Well, it’s certainly been awhile, eh?
I thought I would stop in and do a little life update. I have no life altering news or any big announcements, so don’t get too excited. It’s been so quiet around here because plain and simple – I was tired and uninspired so I wrapped up most of my obligations, cancelled some stuff, and proceeded to be a Grinch through most of the holiday season. Literally the last time I logged onto my site was November 1, 2017.
I suppose I just needed a little break. In the blog world it is easy to get wrapped up in numbers and stats, comparing yourself to other bloggers, and bogged down with obligations that steal the joy from just writing. Add that to all of the stress from the holidays, it was pretty clear I just had to peace out. You might have noticed I’ve been slipping for a long time since going back to work. I wrote a little bit about my story as an overwhelmed mom on Genesee County Mom’s Blog if you want to get a little more personal.
So long story short, basically I’ve been MIA because I’ve been grouchy. But I don’t want to be grouchy anymore and I don’t want to waste time worrying about not having time or energy to do all of the things I want to do or think I should be doing. Because seriously, ain’t nobody got time for that. I spend way too much energy on worrying about things when I could actually be doing the things.
For those of you who care or are maybe just a little bit nosy, here’s a quick summary of what’s been going on in my extremely ordinary corner of the world.

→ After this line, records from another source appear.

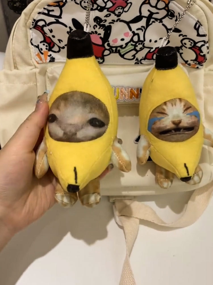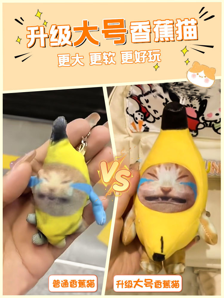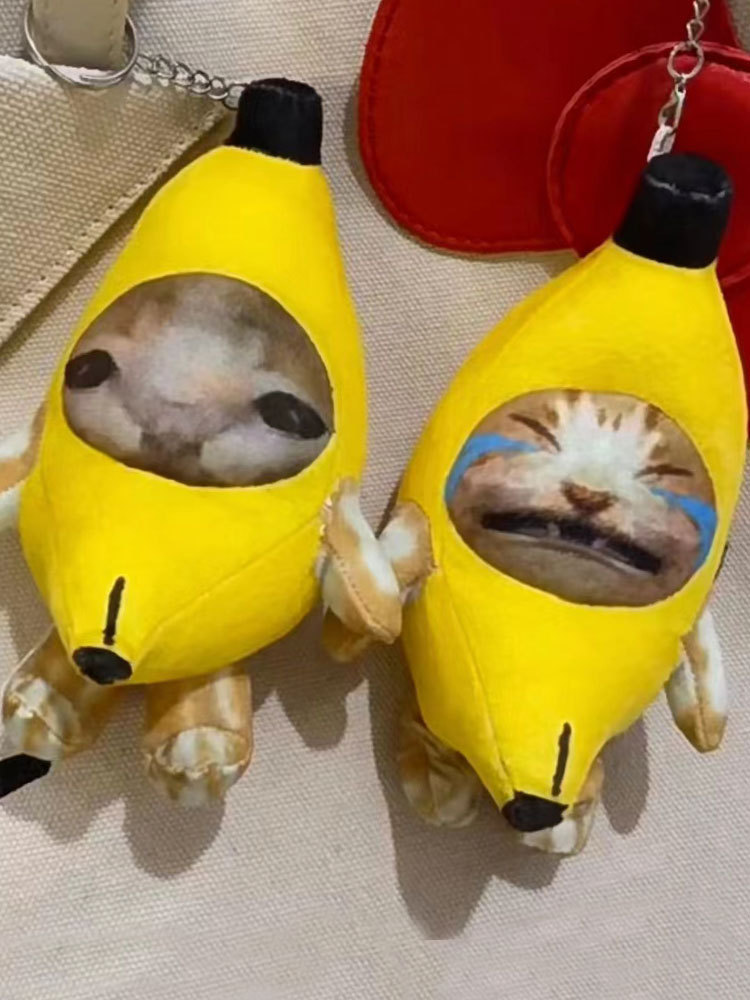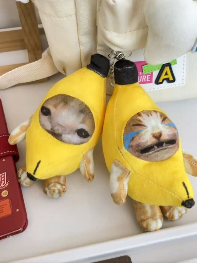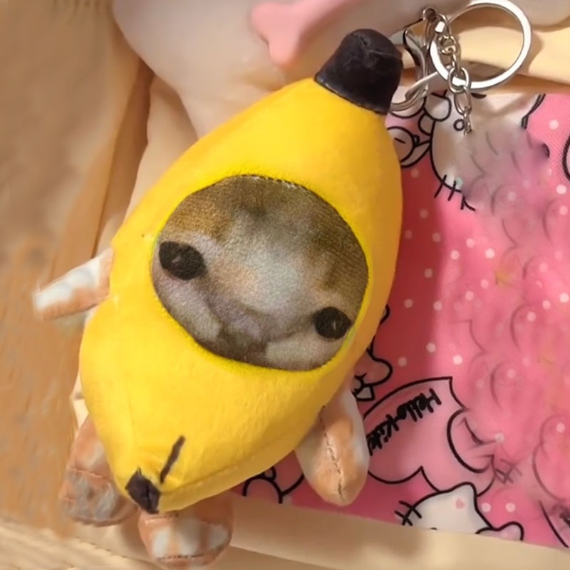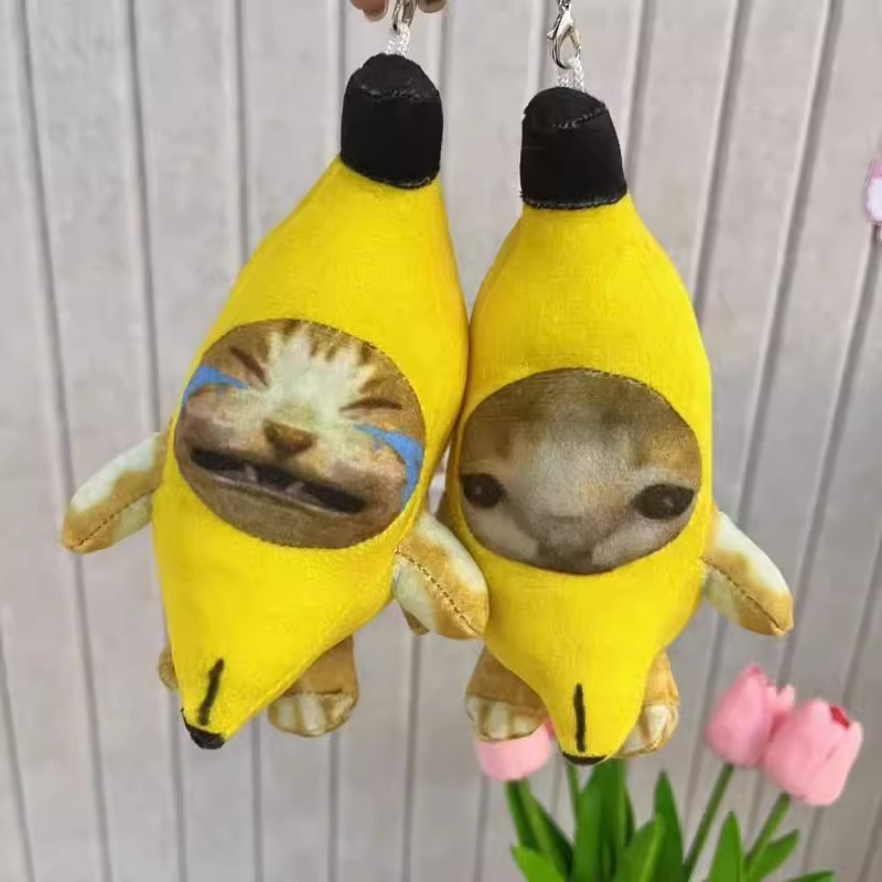 바나나 고양이 행복 귀여운 재미있는 음성 인형 창조적 인 음성 가방 펜던트 울리는 비터 장난감스토어 가기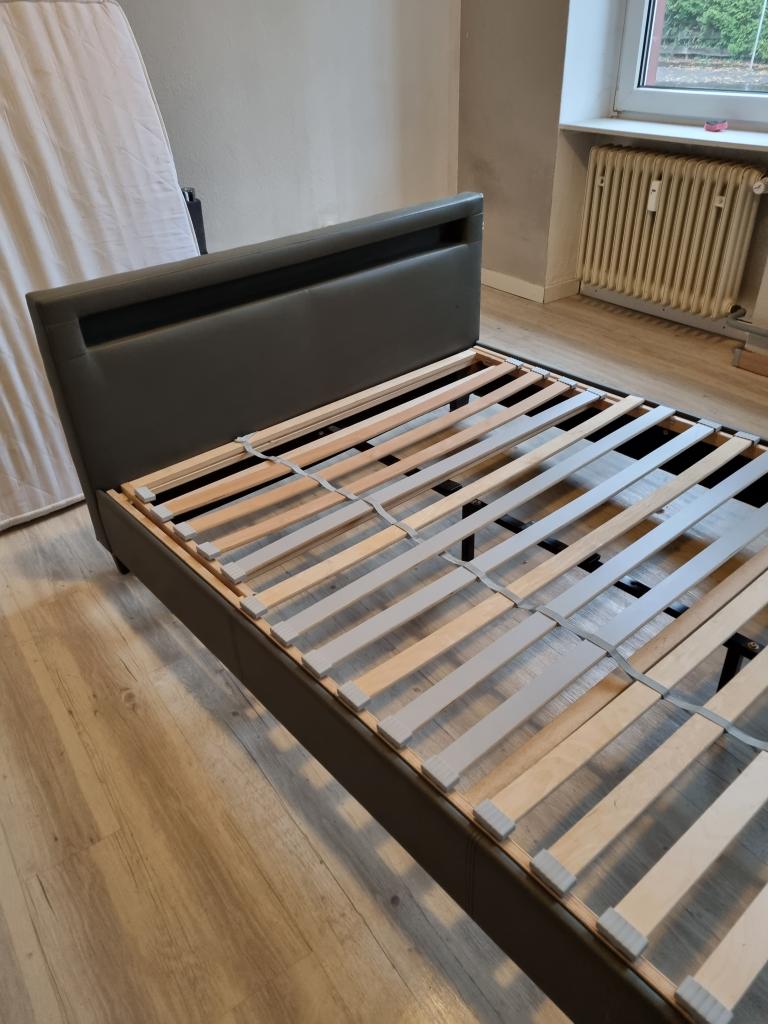 Hier biete ich euch ein sehr schönes Bett, in der Farbe grau, 140x 200 cm an. Das Lattenrost gebe ich gratis dazu. Für 85 Euro Festpreis könnt ihr es gerne haben. Das Bett hat normale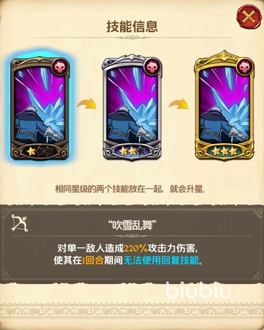 自身专属技能释放寒冰,在战斗开始时会按照英雄贯穿率来计算,降低敌方全体忍耐力,需要参战时才能生效。贯穿率是衡量进攻时的有效属性,而对方忍耐力和受到伤害相关,经过这样机能效果之后,就能够将我方输出角色攻击变得更加犀利。第1个输出技能吹雪乱舞,攻击对方单个目标,并使其在最多两回合期间内无法使用回复技能,回复技能包括为自己和为队友提供血量恢复的所有效果。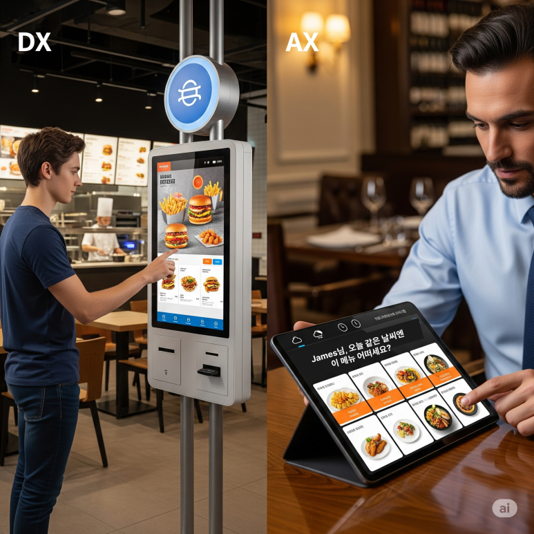 ▲DX: 손님이 식당에서 종업원에게 직접 주문하던 방식을 키오스크나 앱 주문으로 바꾸는 것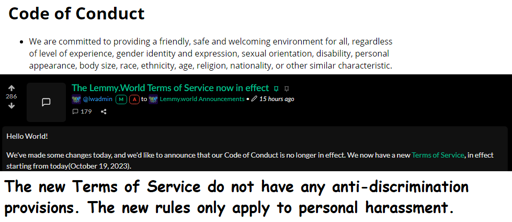 arrow-up16arrow-down1imageLemmy.world removes its rules against discriminationlemmy.worldHardlightCereal@lemmy.world to Fediverse@lemmy.worldEnglish · 2 years agomessage-square8linkfedilink

Evie started a new daycare in October and I could not be happier with the switch. It is a lot more expensive but when it comes to daycare – you certainly pay for what you get. I didn’t even realize how much better it could be once we found the right place for her. It’s worth all the money and more. She loves going to “school”, loves her “fwends,” and loves her teachers. It has made the mornings a whole lot easier and I don’t even think twice when I drop her off anymore because I know she loves it. I mean, she claps when we pull into the parking lot. That’s a good sign.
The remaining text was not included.